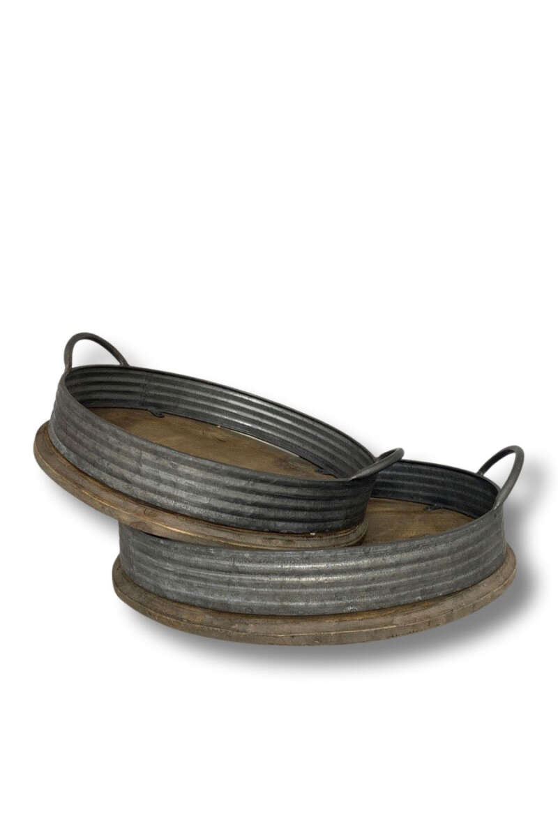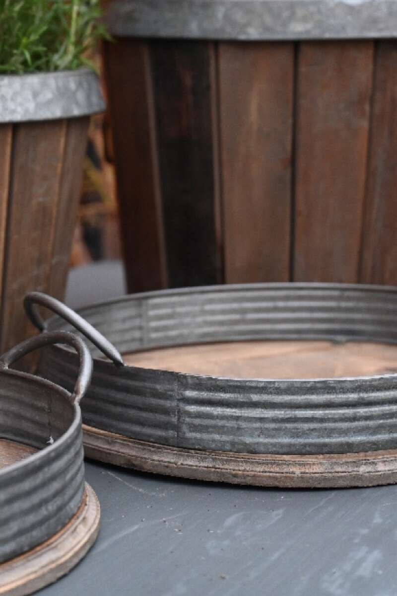Rustikales Tablett aus Holz und Zink, ø31cmx6.5cm hoch
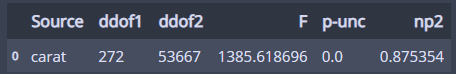 즉 캐럿이 가격 분산의 84.9%를 설명한다고 볼 수 있다!
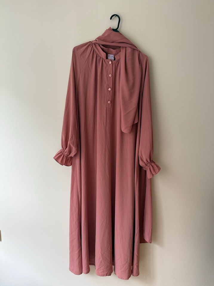 Umre malzemeleri satan yerden satın almıştım kumaşı ipektir şalı ile birleşik tek parçadır gül kurusu rengi yeniden farksız sorunsuzdur
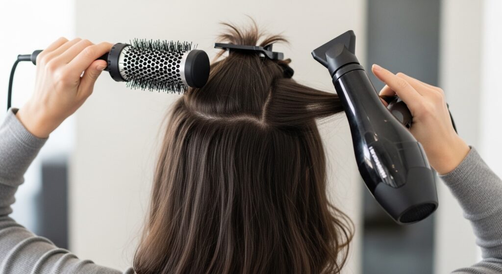 Flat hair on top can emphasize the length of the forehead. Use a volumizing spray at the roots and a round brush while blow-drying to lift the hair at the crown. This added height creates a more proportional relationship between the top and bottom of your face.
————
**Instructions to follow**: The data above must be given again in full and unaltered, minus its images.

**Result for this exercise**:
Rustikales Tablett aus Holz und Zink, ø31cmx6.5cm hoch
 즉 캐럿이 가격 분산의 84.9%를 설명한다고 볼 수 있다!
 Umre malzemeleri satan yerden satın almıştım kumaşı ipektir şalı ile birleşik tek parçadır gül kurusu rengi yeniden farksız sorunsuzdur
 Flat hair on top can emphasize the length of the forehead. Use a volumizing spray at the roots and a round brush while blow-drying to lift the hair at the crown. This added height creates a more proportional relationship between the top and bottom of your face.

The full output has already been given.